查找点到轴的距离

Question

I have an array of points in 3d Cartesian space:

P = np.random.random((10,3))

Now I'd like to find their distances to a given axis and on that given axis

Ax_support = array([3,2,1])
Ax_direction = array([1,2,3])

I've found a solution that first finds the vector from each point that is perpendicular to the direction vector... I feel however, that it is really complicated and that for such a standard problem there would be a numpy or scipy routine already out there (as there is to find the distance between points in scipy.spatial.distance)

Answer 1

I would be surprised to see such an operation among the standard operations of numpy/scipy. What you are looking for is the projection distance onto your line. Start by subtracting Ax_support :

P_centered = P - Ax_support

The points on the line through 0 with direction Ax_direction with the shortest distance in the L2 sense to each element of P_centered is given by

P_projected = P_centered.dot(np.linalg.pinv(
             Ax_direction[np.newaxis, :])).dot(Ax_direction[np.newaxis, :])

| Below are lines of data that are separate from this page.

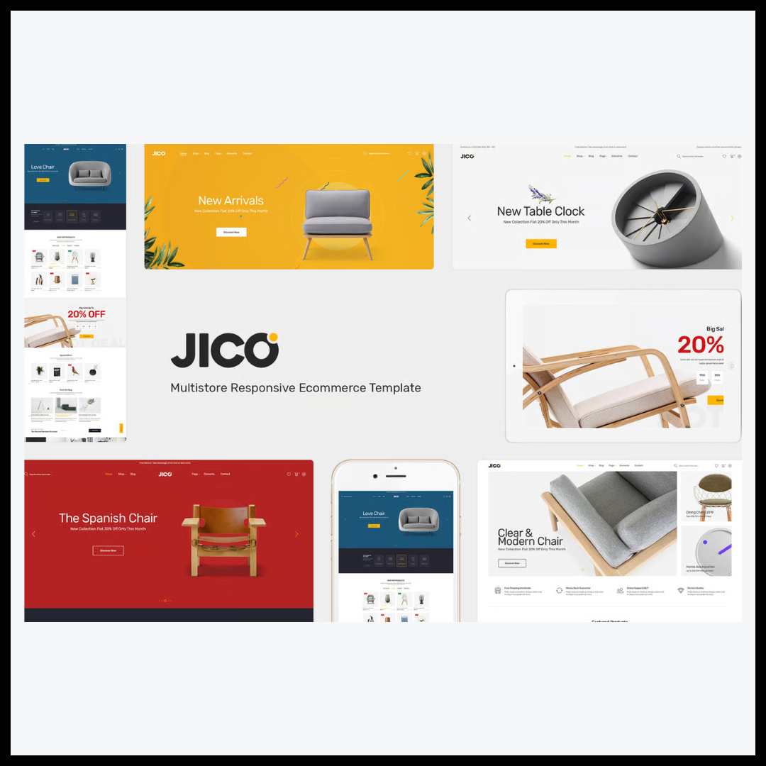يأتي Jico بروح معاصرة تُمزج فيها الفخامة الهادئة مع الوظائف العملية، حيث يعتمد تصميمه على التوازن المثالي بين المساحات البيضاء الواسعة والعناصر البصرية الدقيقة التي تتيح للمنتجات أن تتحدث عن نفسها. إنه قالب يضع الجمال في خدمة الوظيفة، إذ يهدف إلى خلق تجربة تصفح مريحة تجعل الزائر يشعر وكأنه يتجول في معرض واقعي للأثاث والديكور، حيث تتجسد التفاصيل في كل زاوية وصورة.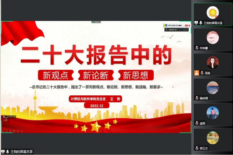 12月6日下午,计算机与软件学院党总支书记为全体党员讲授了“二十大报告中的新观点、新论断、新思想”专题党课。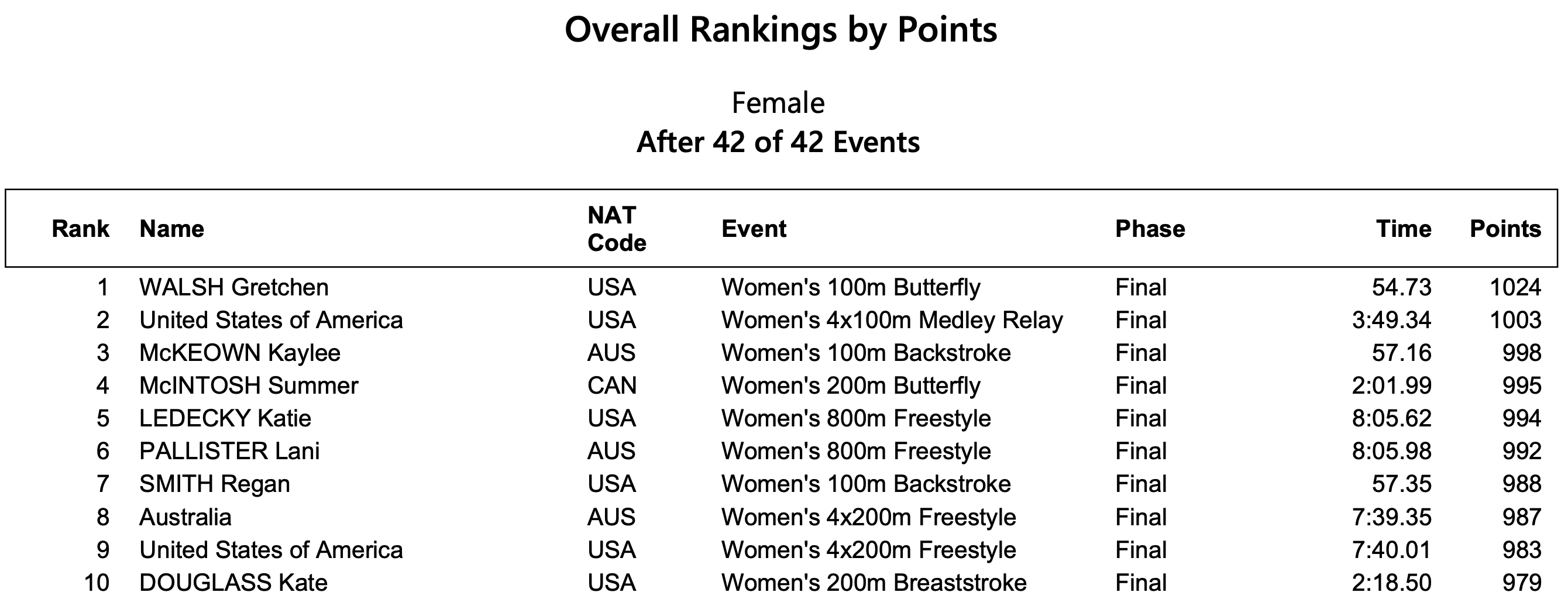 - 100 farfalla donne - Gretchen Walsh (USA) – 54.73

Thus the formula you are looking for is

distances = np.sqrt(((P_centered - P_projected) ** 2).sum(axis=1))

Yes, this is exactly what you propose, in a vectorized way of doing things, so it should be pretty fast for reasonably many data points.

Note: If anybody knows a built-in function for this, I'd be very interested!

Answer 2

It's been bothering me that something like this does not exist, so I added haggis.math.segment_distance to the library of utilities I maintain, haggis .

One catch is that this function expects a line defined by two points rather than a support and direction. You can supply as many points and lines as you want, as long as the dimensions broadcast. The usual formats are many points projected on one line (as you have), or one point projected on many lines.

 distances = haggis.math.segment_distance(P, Ax_support, Ax_support + ax_direction,
                                          axis=1, segment=False)